ProLLaMA: A Protein Language Model for Multi-Task Protein Language Processing

📣 News

[2025/04] Accepted by IEEE Transactions on Artificial Intelligence. Paper and EPGF (a test-time computation framwork which ensures that generated proteins are not only statistically coherent but also biologically viable)
[2025/01/07] Update some training codes for easier usage. Details in Logs.
[2025/01/01] We propose HME, a multimodal multitask Chemical LLMs.
[2024/07/17] Update a new version of the paper.
[2024/06/27] Release the codes for pretraining (Stage1) and instruction_tuning (Stage2). See Quick Train.
[2024/06/08] Opensource the instruction dataset on HuggingFace
[2024/04/25] Upload ProLLaMA_Stage_1 to HuggingFace. More information is in Others.
[2024/04/10] Add a script (in /scripts/mutation.py) to meature mutation effects.
[2024/02.29] Update the /scripts/infer.py to fix bugs.

🗝️ Abstract

Recent advances in Protein Language Models (PLMs) have transformed protein engineering, yet unlike their counterparts in Natural Language Processing (NLP), current PLMs exhibit a fundamental limitation: they excel in either Protein Language Understanding (PLU) or Protein Language Generation (PLG), but rarely both. This fragmentation hinders progress in protein engineering. To bridge this gap, we introduce ProLLaMA, a multitask protein language model enhanced by the Evolutionary Protein Generation Framework (EPGF). We construct** a comprehensive instruction dataset containing approximately 13 million samples with over 11,000 superfamily annotations** to facilitate better modeling of sequence-function landscapes. We leverage a two-stage training approach to develop ProLLaMA, a multitask LLM with protein domain expertise. Our EPGF addresses the mismatch between statistic language modeling and biological constraints through three innovations: a multi-dimensional interpretable scorer, hierarchical efficient decoding, and a probabilistic-biophysical joint selection mechanism. Extensive experiments demonstrate that ProLLaMA excels in both unconditional and controllable protein generation tasks, achieving superior structural quality metrics compared to existing PLMs. Additionally, ProLLaMA demonstrates strong understanding capabilities with a 67.1% exact match rate in superfamily prediction.

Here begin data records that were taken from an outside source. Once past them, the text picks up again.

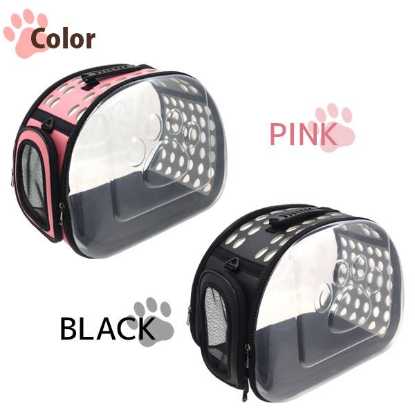 超小型犬やねこのお出かけに!通気性抜群で超軽量!便利な2WAYスケルトン キャリーバッグ ショルダーキャリー 透明 ドッグバッグ 抱っこ 折りたたみ バッグ メッシュ ソフトなショルダーバッグ ボストンバッグ クレート イヌ ネコ 犬 猫 ドライブ 肩掛け ペット用品 折り畳み式 黒 ピンク
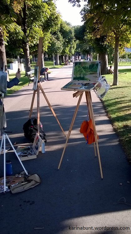 Am vergangenen Samstag den 27.8.2016 war ich in sehr netter Gesellschaft zweier MalerkollegInnen im Wiener Volksgarten, um dort das Freiluftmalen zu üben.
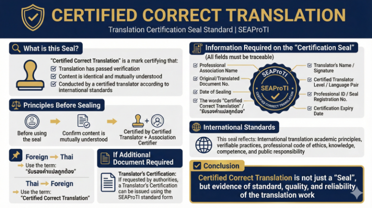 The Southeast Asian Association of Professional Translators and Interpreters (SEAProTI) has officially announced the criteria and qualifications for individuals to register as “Certified Translators,” “Translation Certification Providers,” and “Certified Interpreters” under the association’s regulations. These guidelines are detailed in Sections 9 and 10 of the Royal Thai Government Gazette, issued by the Secretariat of the Cabinet under the Office of the Prime Minister of the Kingdom of Thailand, dated July 25, 2024, Volume 141, Part 66 Ng, Page 100.
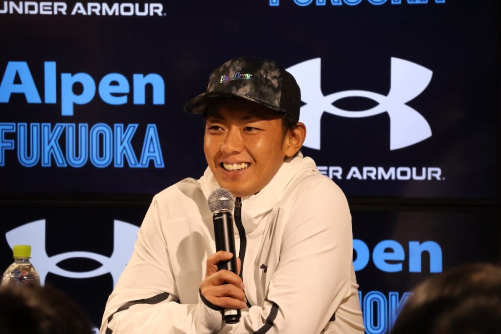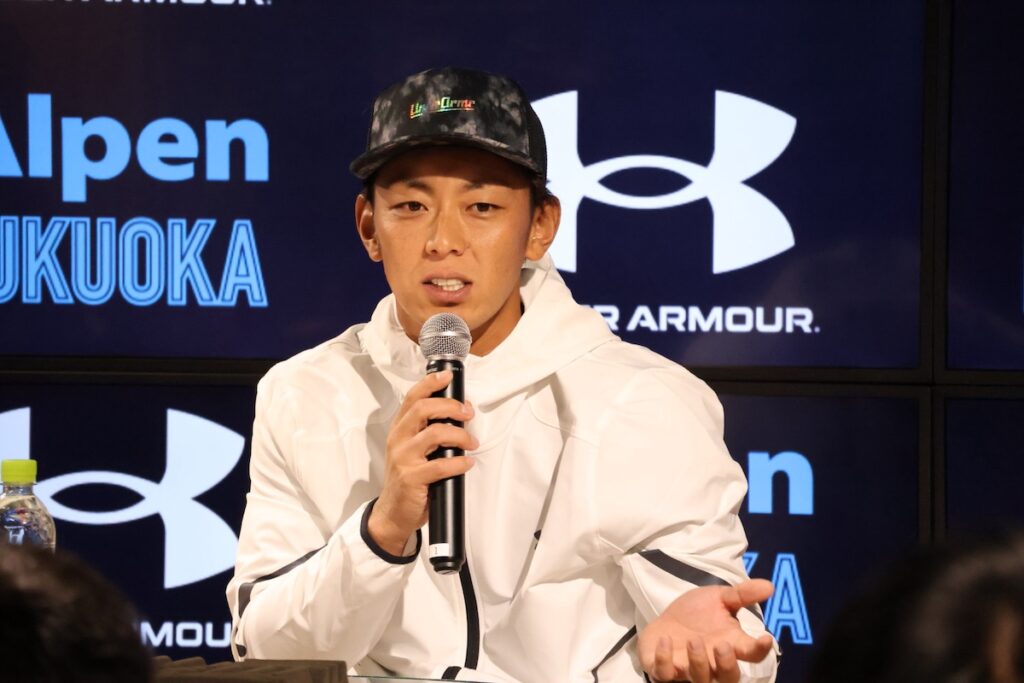 全身アンダーアーマーの最新ウェアをスタイリッシュに着こなして登場した今宮選手。この日の私服も同ブランドで揃えるほど愛用しているそうで、そのこだわりからトークはスタートしました。
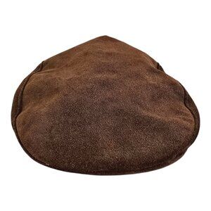 This is an Eddie Bauer suede leather ascot cap (newsboy/cabbie hat) in a men's size Large/X-Large. The hat is dark brown. The piece is in excellent used condition and has no stains. Please zoom in on all photos for full conditioning details.
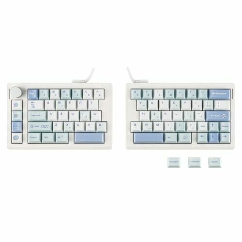 Ergonomic seventy percent split layout with detachable halves for adjustable typing angles and lasting comfort. QMK and VIA compatibility enables advanced key mapping. A rotary knob provides quick volume and media control. Creamy Wisteria Linear V2 switches with PBT keycaps and gasket mounting.
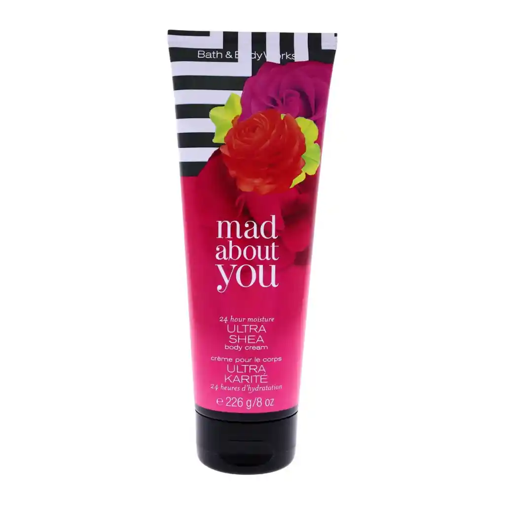 Crema Corporal ultra enriquecida de karité Loco por ti Grosellas negras, peonías brillantes y almizcle de vainilla Brinda 24 horas de hidratación nutritiva: Infundida de manteca de karité hidratante y ultra enriquecida Enriquecida con manteca de aloe y manteca de cacao Fórmula no grasa que penetra en la piel y brinda una lujosa fragancia e hidratación.
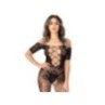 Diventa audace e sexy con questo bodystocking sexy con spalle scoperte. Il design completa le tue curve in pizzo delicato con dettagli incrociati sul davanti e sul retro, motivo a rose intrecciate e cavallo aperto. Gli slip non sono inclusi.
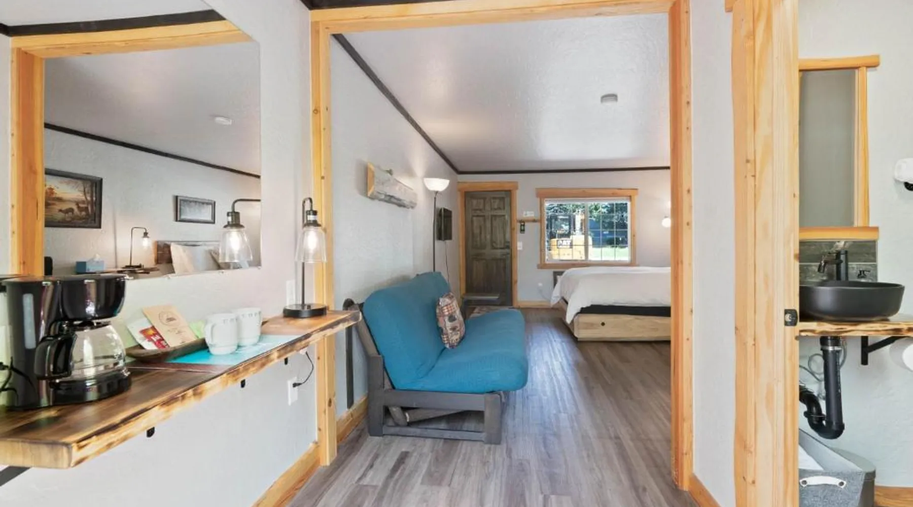 Comfortable Accommodations: Lake Village Lodge in Coeur d'Alene offers family rooms with private bathrooms, air-conditioning, and garden views. Each room includes a tea and coffee maker, refrigerator, microwave, and TV. Essential Facilities: Guests enjoy free WiFi, private check-in and check-out services, an outdoor seating area, and a picnic area. Free on-site private parking is available. Convenient Location: Located 39 mi from Spokane International Airport, the hotel is near Silverwood Theme Park (19 mi) and MeadowWood Golf Course (20 mi). Highly rated for room cleanliness, bed comfort, and room comfort. The apartment features 1 bedroom and 1 bathroom with a shower and free toiletries. Featuring a balcony, this apartment also provides air conditioning, a tea and coffee maker and a flat-screen TV. The unit offers 1 bed and 1 futon.

EPGF significantly enhances the biological viability of generated sequences, as evidenced by improved biophysical scores (+4.3%) and structural metrics (+14.5%).

**I also have other AI for Science projects that may interest you.**

TaxDiff: Taxonomic-Guided Diffusion Model for Protein Sequence Generation

Navigating Chemical-Linguistic Sharing Space with Heterogeneous Molecular Encoding

DM-Assembler: Leveraging Domain Motif Assembler for Multi-objective, Multi-domain and Explainable Molecular Design

💡Highlights

Powerful model

Our ProLLaMA is the first model to our knowledge capable of simultaneously handling multiple PLP tasks, including generating proteins with specified functions based on the user's intent.

Large-scale Dataset

We construct a comprehensive instruction dataset containing approximately 13 million samples with superfamily annotations.

General training framework

We propose a training framework with scalability and efficiency that enables any general LLM to be trained as a proficient model for multiple tasks in Protein Language Processing.

Evolutionary Protein Generation Framework (EPGF)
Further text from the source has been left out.